What is needed
When you copy the data, keep every line exactly as written and skip the pictures.

"""

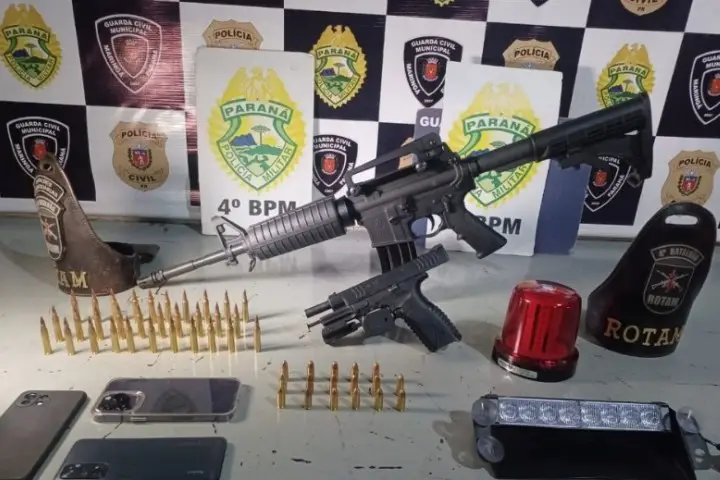 Na garagem da casa, dois homens estavam mexendo em um dos veículos quando foram aborados pelos policiais. Em conversa com as equipes, eles assumiram que em um dos quartos da casa havia munições, uma pistola calibre 9mm e um fuzil semiautomático calibre 5,56 escondido em um guarda-roupa. Também foram apreendidos celulares que estavam na casa.
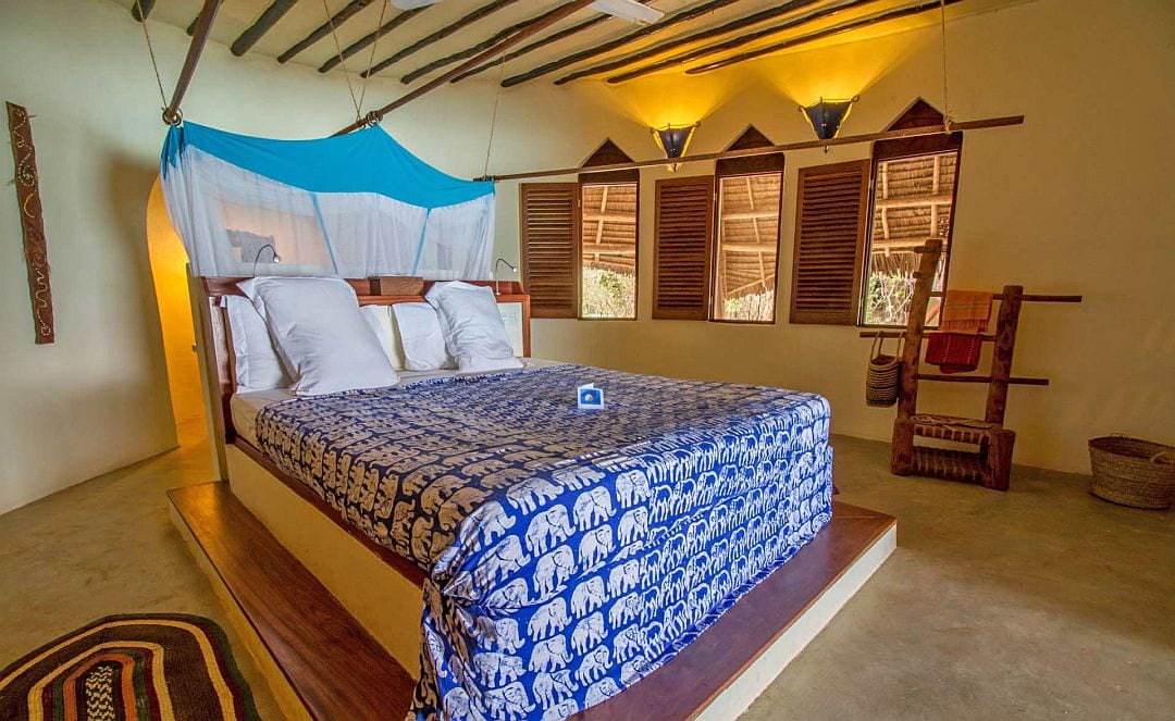There are a total of twelve spacious double storey villas at Unguja Lodge including two Family Houses. All villas are ensuite and equipped with a ceiling fan. The seven Seaview Villas and family rooms have a private stone terrace with sea views whilst the three Baobab Villas are orientated towards the garden. But there’s a sea view from the first floor and they also have the advantage of air-conditioning and private plunge pools.
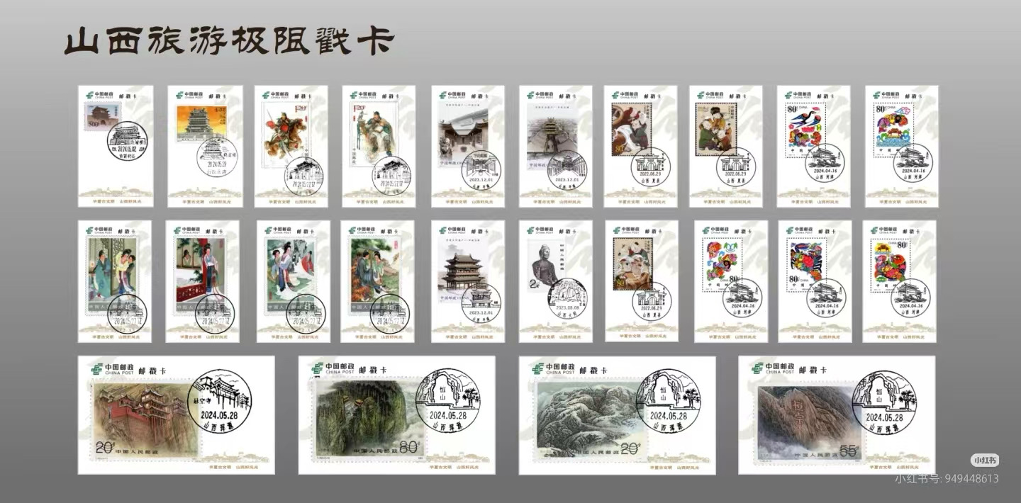 为了满足集邮爱好者的收藏需求与旅游爱好者的打卡需求,山西邮政特别推出76枚“极限戳卡”,将同题材的邮票和风景日戳集于一身,是彰显三晋文化特色的纪念收藏珍品。
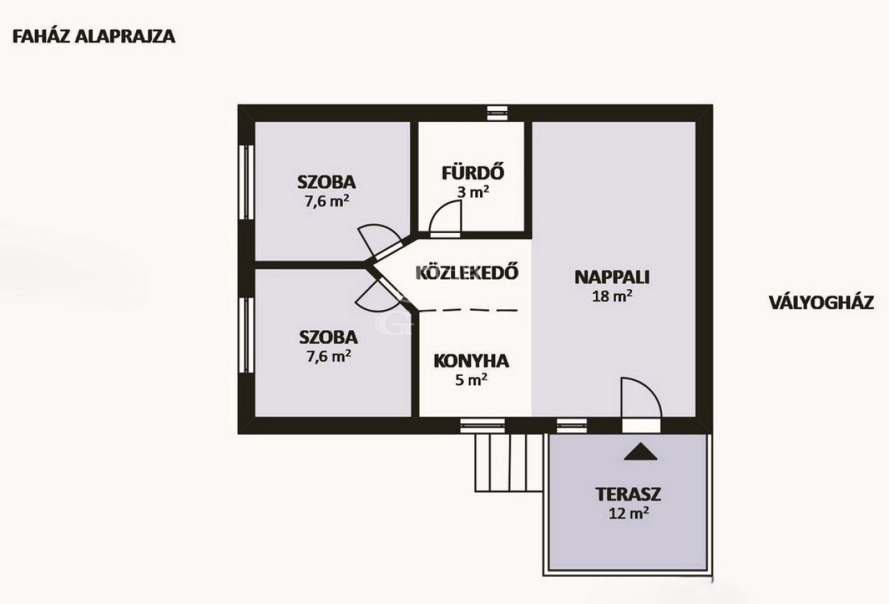 A teraszról tudunk belépni a 33 nm-es ingatlanba, melynek beton aljzat a megerősítése. Először az előtérbe jutunk. Jobbra a WC-vel is ellátott fürdőszobát találjuk, majd tovább haladva a konyhába léphetünk. A konyhából tudunk a délnyugati tájolású szobába bemenni, melynek ablaka a faház teraszára néz.
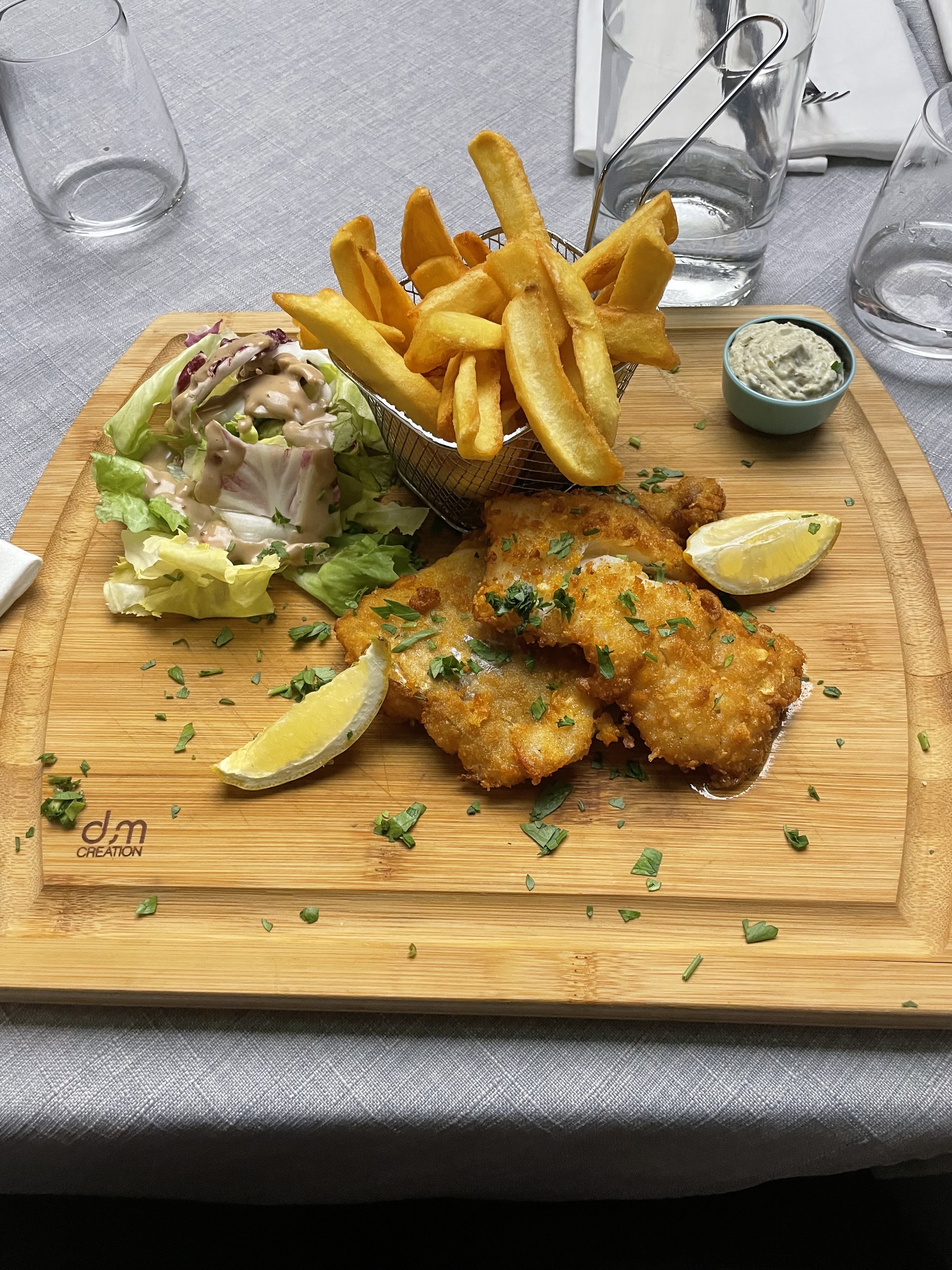 J'y ai mangé un trÚs bon fish and chips. Servi avec une salade fraßche et de bonnes frites le tout accompagné par une excellente sauce tartare fait maison. Une bonne brasserie, je recommande !

"""

Task solution
 Na garagem da casa, dois homens estavam mexendo em um dos veículos quando foram aborados pelos policiais. Em conversa com as equipes, eles assumiram que em um dos quartos da casa havia munições, uma pistola calibre 9mm e um fuzil semiautomático calibre 5,56 escondido em um guarda-roupa. Também foram apreendidos celulares que estavam na casa.
There are a total of twelve spacious double storey villas at Unguja Lodge including two Family Houses. All villas are ensuite and equipped with a ceiling fan. The seven Seaview Villas and family rooms have a private stone terrace with sea views whilst the three Baobab Villas are orientated towards the garden. But there’s a sea view from the first floor and they also have the advantage of air-conditioning and private plunge pools.
 为了满足集邮爱好者的收藏需求与旅游爱好者的打卡需求,山西邮政特别推出76枚“极限戳卡”,将同题材的邮票和风景日戳集于一身,是彰显三晋文化特色的纪念收藏珍品。
 A teraszról tudunk belépni a 33 nm-es ingatlanba, melynek beton aljzat a megerősítése. Először az előtérbe jutunk. Jobbra a WC-vel is ellátott fürdőszobát találjuk, majd tovább haladva a konyhába léphetünk. A konyhából tudunk a délnyugati tájolású szobába bemenni, melynek ablaka a faház teraszára néz.
 J'y ai mangé un trÚs bon fish and chips. Servi avec une salade fraßche et de bonnes frites le tout accompagné par une excellente sauce tartare fait maison. Une bonne brasserie, je recommande !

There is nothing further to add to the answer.